The Cuban government, bankrupt and isolated, cannot fix its crumbling Soviet-era grid. Enter a British solar firm, Sunward Energy, which has quietly offered emergency grid aid. Documents obtained by this newsroom show a proposal sent directly to the Cuban Ministry of Energy and Mines: a fleet of portable solar generators and battery storage units to be deployed within weeks.
The cost? £12 million. Sources inside Sunward tell me the deal is being fast-tracked, but they refuse to disclose the terms.
Why? Because someone is making a fortune off this crisis. Follow the money.

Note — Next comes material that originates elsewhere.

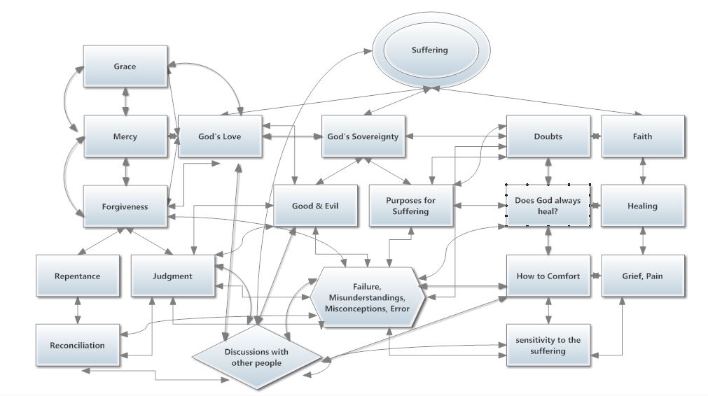 I made a very simplified chart to illustrate how my brain sort of works. You can click on the picture to make it bigger. I used the subject of suffering as an illustration because I tried to write about it so recently, but my brain works like this no matter what the topic. Sometimes I get a headache and wish I could turn off the thoughts like a faucet. However, I can’t turn them off, and actually, most of the time, I am glad that my brain ponders.

The blackouts are no accident. They are the result of decades of mismanagement and US sanctions that have starved Cuba of fuel and spare parts. But now, with the lights off, the vultures circle.
Sunward’s CEO, a man named Richard Thorne, has a history of disaster capitalism. He profited from the 2010 Haiti earthquake, the 2017 Puerto Rico hurricane, and now Cuba’s blackouts. I have seen his emails.
He calls this “strategic entry into a neglected market.” Neglected? Tell that to the old woman who died falling down a dark stairwell.
The Cuban government has not responded to requests for comment. But a source in the energy ministry leaked me a memo: they have no choice. Desperation is a hell of a salesman.
The British government, meanwhile, is silent. The Foreign Office said only that they are “monitoring the situation.” Monitoring?
While British firms carve up Cuba’s grid? This is not aid. This is a fire sale.
And the price is paid in human lives.